● **The task**
Each line below is to be copied exactly; images do not go into the copy.

'''

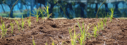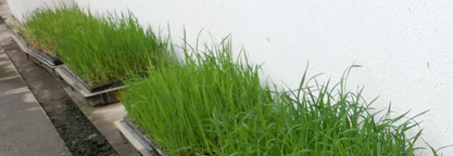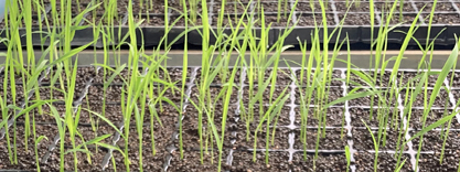 小学校で育てていたネリカ米の苗が約20cmに育っています。全てが発芽し、苗は4,000本以上。
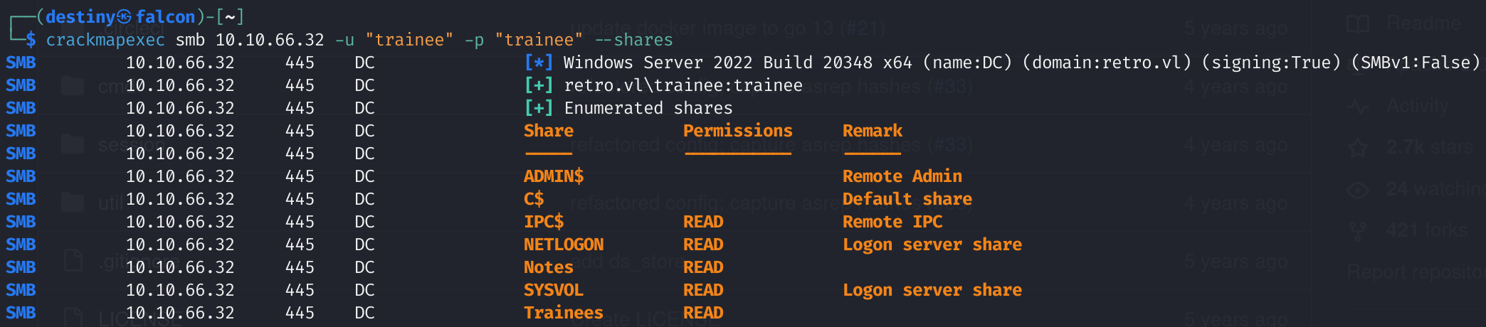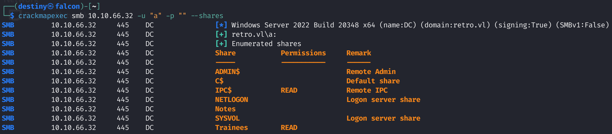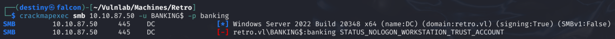 SMB retro.vl 445 DC [*] Windows Server 2022 Build 20348 x64 (name:DC) (domain:retro.vl) (signing:True) (SMBv1:False)
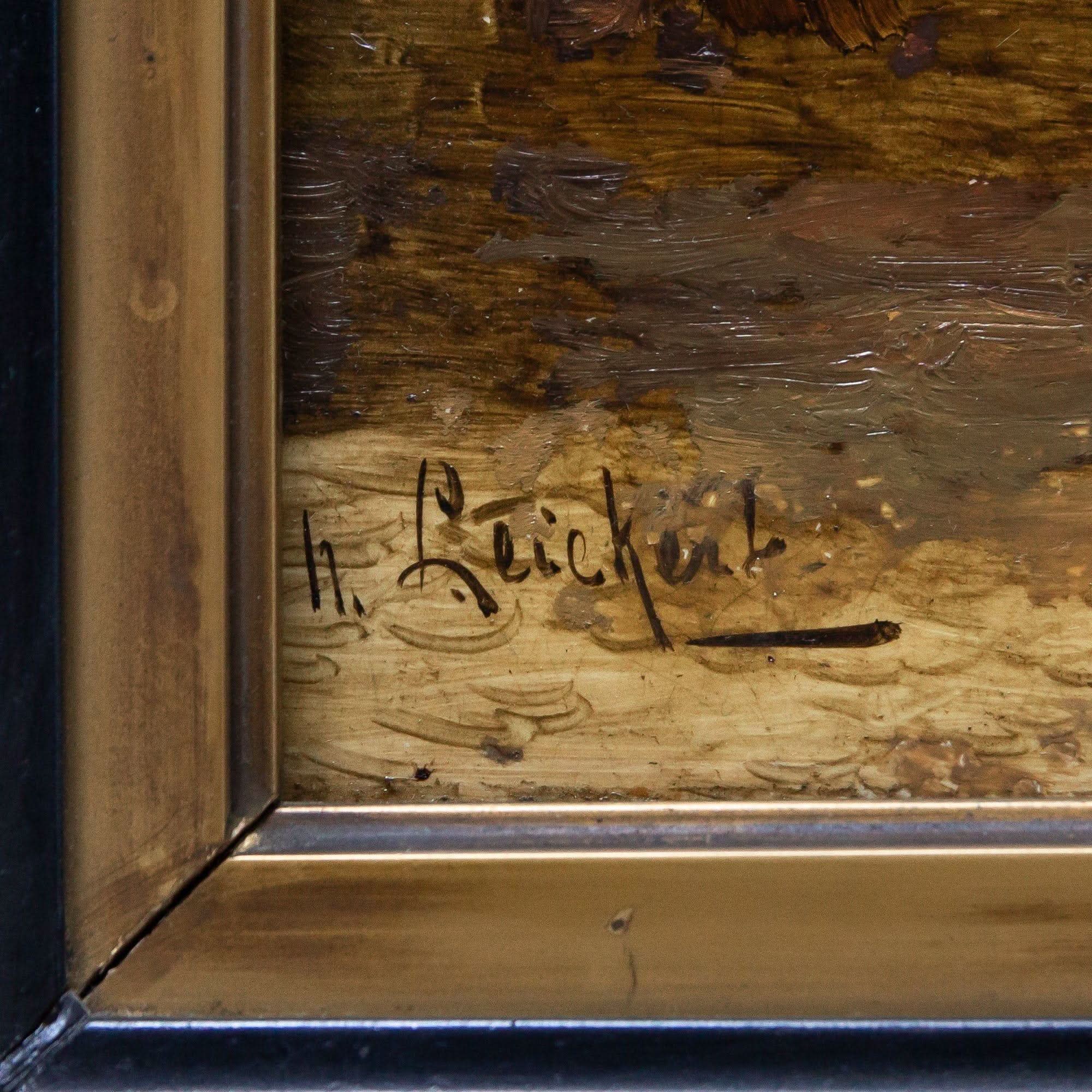 Charles Leickert first learned painting in The Hague under the supervision of landscape painters Bartholomeus van Hove, Wijnand Nuijen, and Andreas Schelfhout, among many others. Leickert specialized in winter scenes, sometimes romanticizing the sky in pale blues and bright pinks, but he is equally well known for numerous cityscapes. He painted almost all of his works in the Netherlands, in The Hague from 1841 to 1846, and in Amsterdam from 1849 to 1883. In 1856, he became a member of the Royal Academy of Amsterdam. At the age of 71, he moved to Mainz, Germany, where he died in 1907.
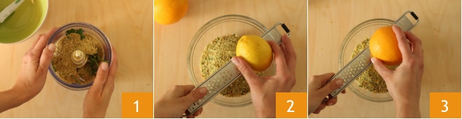 Para preparar los rollitos de pollo con puerros y cítricos, lo primero que debes hacer es ocuparte del relleno. En el recipiente de una batidora, vierte el pan rallado, una pizca de sal, una pizca de pimienta, el perejil y el ajo pelado 1. Tritura todo y transfiere a un bol, añade la ralladura de medio limón 2 y la de media naranja 3.
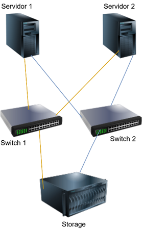 O ambiente de rede também deve possuir redundância com dois switchs, e cada switch se conectando a uma interface diferente do servidor e do storage.
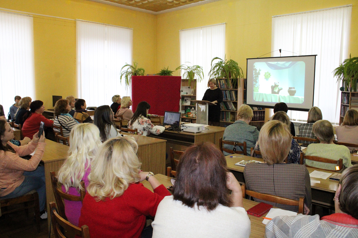 Продолжила работу семинара заведующая отделом «Детство» Ирина Викторовна Челышева. В своем сообщении она познакомила собравшихся с 10 способами, помогающими сделать любое литературное занятие необычным и запоминающимся, среди них: эффектное начало, подбор интересных фактов, вовлечение детей в действие. Важным моментом в организации мероприятий для детей младшего возраста коллега считает эмоциональность выступления, грамотное общение с аудиторией, включение в мероприятие физкультразминок, игр и заданий на развитие творческих способностей (рисование, сочинительство).
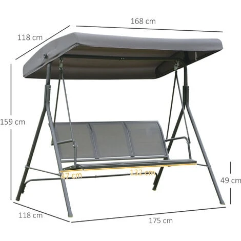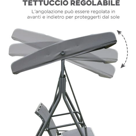 Goditi un piacevole momento di relax su questo dondolo da giardino Outsunny. Dal design elegante e semplice, offre tutto il necessario per una pausa rilassante nel tempo libero. Il tettuccio parasole regolabile consente di avere sempre un’ombra fresca e accogliente a ogni ora del giorno. Il sedile offre tanto spazio per tre persone e, grazie al telaio in tubi d’acciaio, resiste a un carico fino a 200kg.
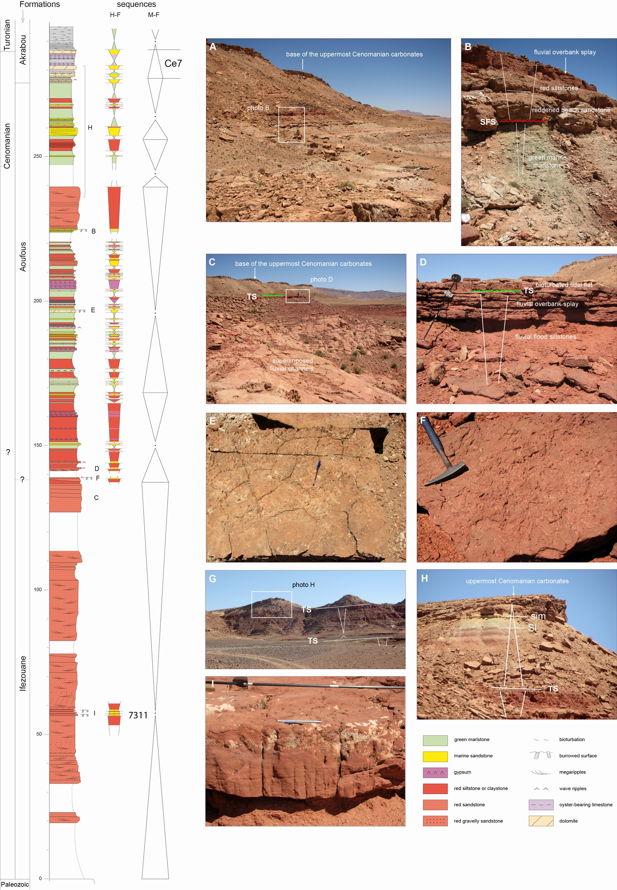 Figure 16: Tinghir section. A, view of the upper part of the section showing the alternation of green (marine) and red (continental) deposits; B, detailed view; C, upper part of a medium-frequency sequence showing superimposed fluvial channels filled with coarse-grained sandstones (C), and finer-grained, evenly-stratified sandstone of splay deposits (D); E, F and I, different views of evenly-stratified medium-grained sansdtones showing marine burrows, and interpreted as tidal flat deposits, post-depositionally reddened by the fluvial deposits below and above; G and H, uppermost part of the section showing the gradual transition from the fluvial and the full-marine deposits of the C-T transition.
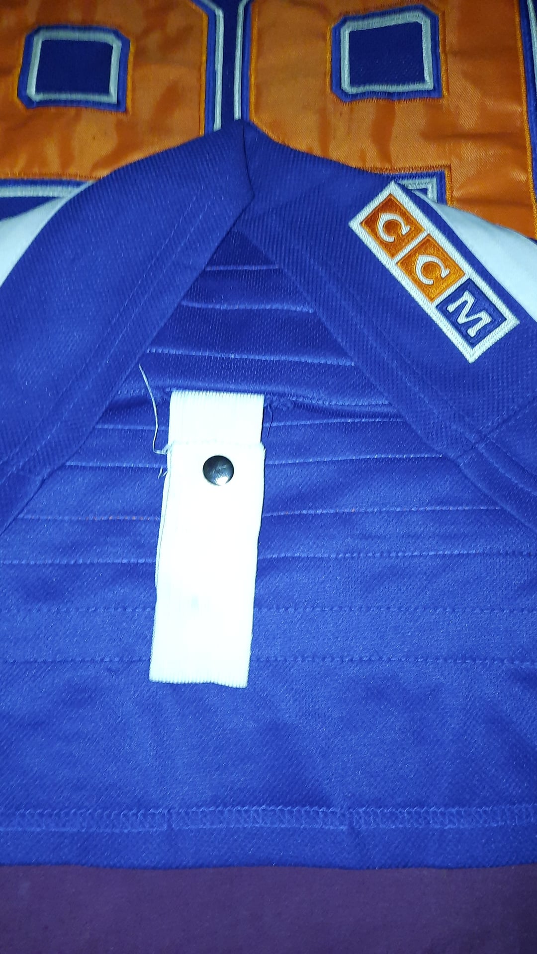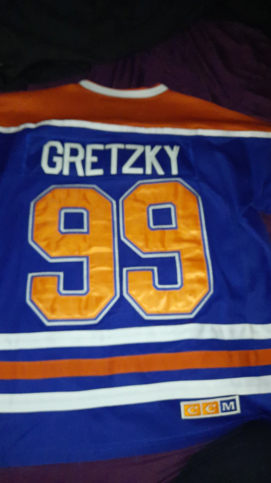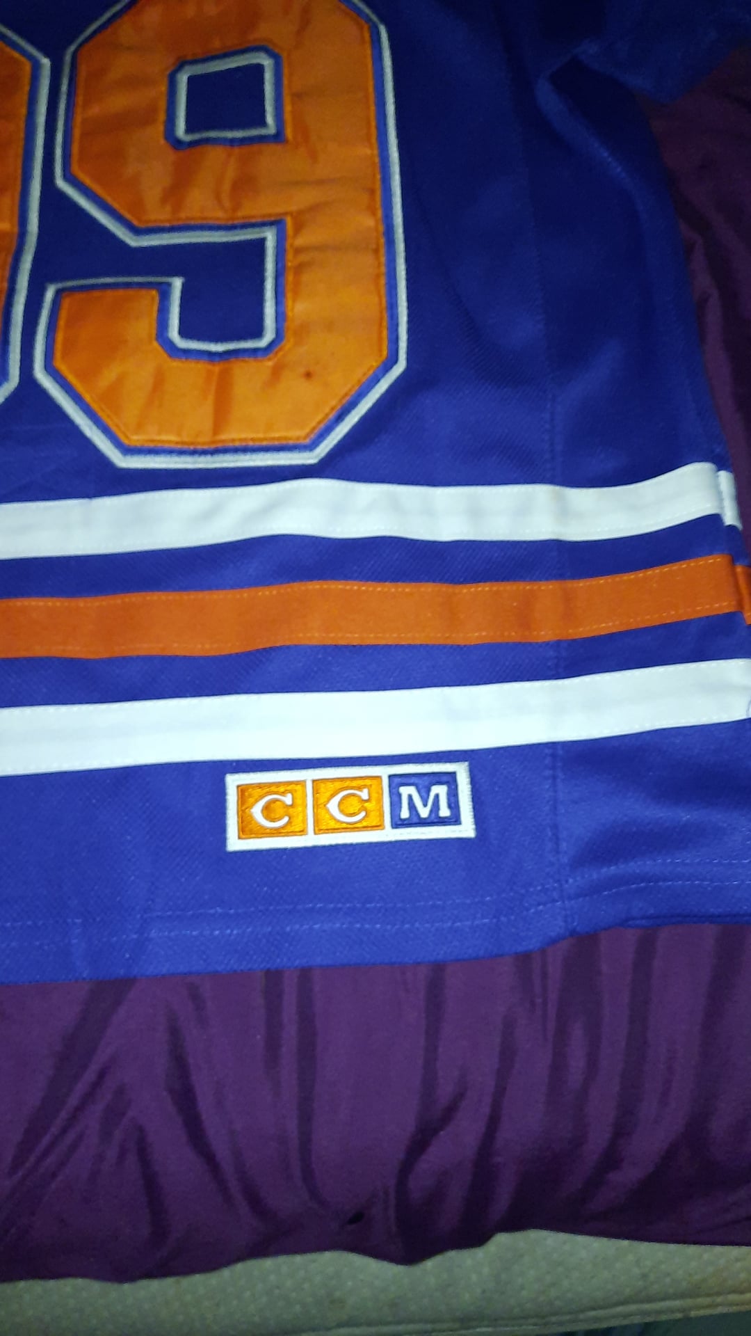 3. Gretzky was the only player with the CCM logo on both sides of the back of the jersey since he always tucked in one side. Authentic “game ready” Gretzky jerseys will always have the double CCM logo.
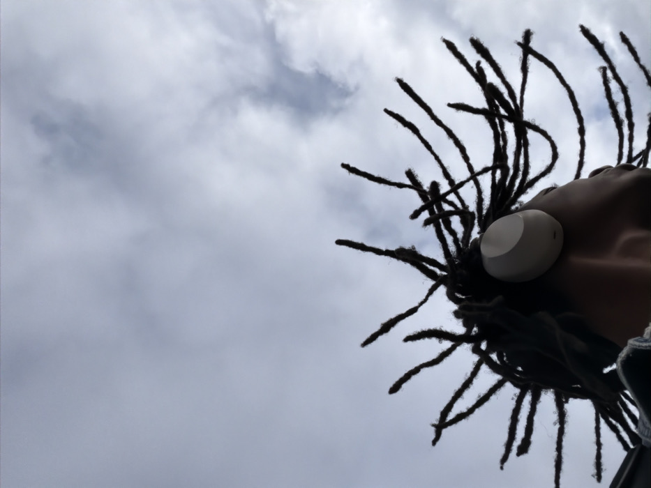 The image depicts a low-angle view of an individual's head, seen from the side, looking upwards towards an overcast sky in Rosny-sous-Bois, France. The person has dark-colored dreadlocks that are silhouetted against the sky, extending upwards and outwards. A single, light-colored (possibly white or off-white) over-ear headphone cup is visible on the side of the head, covering the ear. The sky is predominantly gray with visible cloud formations, indicating an overcast or partly cloudy condition. No other environmental details, structures, or additional individuals are present.

'''

● **Answer space**
 小学校で育てていたネリカ米の苗が約20cmに育っています。全てが発芽し、苗は4,000本以上。
 SMB retro.vl 445 DC [*] Windows Server 2022 Build 20348 x64 (name:DC) (domain:retro.vl) (signing:True) (SMBv1:False)
 Charles Leickert first learned painting in The Hague under the supervision of landscape painters Bartholomeus van Hove, Wijnand Nuijen, and Andreas Schelfhout, among many others. Leickert specialized in winter scenes, sometimes romanticizing the sky in pale blues and bright pinks, but he is equally well known for numerous cityscapes. He painted almost all of his works in the Netherlands, in The Hague from 1841 to 1846, and in Amsterdam from 1849 to 1883. In 1856, he became a member of the Royal Academy of Amsterdam. At the age of 71, he moved to Mainz, Germany, where he died in 1907.
 Para preparar los rollitos de pollo con puerros y cítricos, lo primero que debes hacer es ocuparte del relleno. En el recipiente de una batidora, vierte el pan rallado, una pizca de sal, una pizca de pimienta, el perejil y el ajo pelado 1. Tritura todo y transfiere a un bol, añade la ralladura de medio limón 2 y la de media naranja 3.
 O ambiente de rede também deve possuir redundância com dois switchs, e cada switch se conectando a uma interface diferente do servidor e do storage.
 Продолжила работу семинара заведующая отделом «Детство» Ирина Викторовна Челышева. В своем сообщении она познакомила собравшихся с 10 способами, помогающими сделать любое литературное занятие необычным и запоминающимся, среди них: эффектное начало, подбор интересных фактов, вовлечение детей в действие. Важным моментом в организации мероприятий для детей младшего возраста коллега считает эмоциональность выступления, грамотное общение с аудиторией, включение в мероприятие физкультразминок, игр и заданий на развитие творческих способностей (рисование, сочинительство).
 Goditi un piacevole momento di relax su questo dondolo da giardino Outsunny. Dal design elegante e semplice, offre tutto il necessario per una pausa rilassante nel tempo libero. Il tettuccio parasole regolabile consente di avere sempre un’ombra fresca e accogliente a ogni ora del giorno. Il sedile offre tanto spazio per tre persone e, grazie al telaio in tubi d’acciaio, resiste a un carico fino a 200kg.
 Figure 16: Tinghir section. A, view of the upper part of the section showing the alternation of green (marine) and red (continental) deposits; B, detailed view; C, upper part of a medium-frequency sequence showing superimposed fluvial channels filled with coarse-grained sandstones (C), and finer-grained, evenly-stratified sandstone of splay deposits (D); E, F and I, different views of evenly-stratified medium-grained sansdtones showing marine burrows, and interpreted as tidal flat deposits, post-depositionally reddened by the fluvial deposits below and above; G and H, uppermost part of the section showing the gradual transition from the fluvial and the full-marine deposits of the C-T transition.
 3. Gretzky was the only player with the CCM logo on both sides of the back of the jersey since he always tucked in one side. Authentic “game ready” Gretzky jerseys will always have the double CCM logo.
 The image depicts a low-angle view of an individual's head, seen from the side, looking upwards towards an overcast sky in Rosny-sous-Bois, France. The person has dark-colored dreadlocks that are silhouetted against the sky, extending upwards and outwards. A single, light-colored (possibly white or off-white) over-ear headphone cup is visible on the side of the head, covering the ear. The sky is predominantly gray with visible cloud formations, indicating an overcast or partly cloudy condition. No other environmental details, structures, or additional individuals are present.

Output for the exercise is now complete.